Besides fundraising, the team also had to overcome the challenge of product development in a pandemic. Gemma describes “doing late night Zoom calls and James has a video camera on a largely transparent medical device, and we're trying to conceptualise how to solve a problem. It's very tricky when you can't all get round the product itself and physically show your thoughts.”
But what the team has produced is unlike conventional incubators, in that it can operate anywhere. Not only does this allow it to support transitional care, as demonstrated in its first pilot for the NHS; it can also support rural and remote births. The compact and lightweight incubator can be packed up to half of its size, while being able to operate off inconsistent voltage supplies, or a backup battery.
In November 2021, mOm achieved its first clinical use in the UK. St Peter’s Hospital in Chertsey was the first NHS hospital to use the incubator to keep a baby warm. The collapsible, portable incubator filled a niche that traditionally immobile incubators are unable to. “When babies get cold and need transitional care, having to go to NICU needlessly and stressing out the parents – we can save a lot of time, energy, and effort,” says James.
Of the experience, he says: “I don't have the vocabulary to properly explain it… Every 18-hour day, every problem, every little thing just melted away.” Since then, as part of the NHS pilot, 27 babies have now been monitored and kept warm inside the incubator.

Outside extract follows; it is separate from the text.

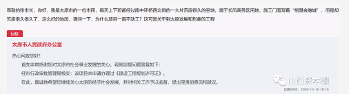 对于格盟金融城项目停工的原因,太原市政府办公室在2020年12月回复网友留言时曾表示,经市行政审批管理局核实该项目未申请办理过《建设工程规划许可证》,亦即意味着如此大规模的投资建设甫一施工便存在重大项目手续缺失。

The team also had to overcome the arduous regulation process required in the medical device industry for the incubator to receive a CE mark – meaning the incubator can be sold commercially in the EU. “To give an idea, our technical file submission was six or seven times longer than War and Peace,” says James.
A global problem
The company has its sights set on the global picture. “I think two-thirds of medical devices are sold to the US, Japan, Germany and France alone… [As] you can imagine, most are designed for this very small portion of the market,” says Gemma. “They are just not designed for places with diverse infrastructures. You might not have consistent power, or the ambient temperature might be different, and cause a whole bunch of alarms to go off – whereas it's never an issue in an air-conditioned NICU in many parts of the world. There is a bias, for sure.”

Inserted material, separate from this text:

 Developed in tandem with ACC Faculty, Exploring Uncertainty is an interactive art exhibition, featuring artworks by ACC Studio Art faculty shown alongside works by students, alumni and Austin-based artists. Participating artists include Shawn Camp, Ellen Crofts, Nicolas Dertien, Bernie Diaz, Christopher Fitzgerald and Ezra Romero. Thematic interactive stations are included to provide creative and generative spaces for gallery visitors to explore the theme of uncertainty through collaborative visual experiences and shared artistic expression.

As a result, many such devices end up unused. This also chimes with another starkly evident inequality. While most babies born before 32 weeks of pregnancy in high-income countries survive, in low-income settings, half of preterm babies die because of a lack of access to practical care, which includes warmth, among other factors. Shocking figures such as these are precisely why more attention needs to be bought to this problem.
Saving lives in Ukraine and promoting circularity
As challenging environments go, few are more challenging than regions experiencing conflict. In May, the company sent 51 of its incubators to Ukraine (In brief, Ingenia 91) to help support the country’s fractured medical system, where the stress on citizens since the Russian invasion has caused a spike in premature births.
Looking to the future, James says mOm isn’t just about the incubator. “So many devices are stuck in the 1980s… they haven’t been looked at for 40 years. Medical devices is a bit of a dirty industry when you get into it – just the amount of waste. I understand the sterilisation needs, but maybe things need to be thought about a bit differently.”
For mOm, aside from battling the medical equipment graveyard, James is also hinting at a business model that promotes circularity and an economic model that rewards building things to last. “Otherwise, it just gets boring, right? You’ve got to challenge yourself,” he laughs.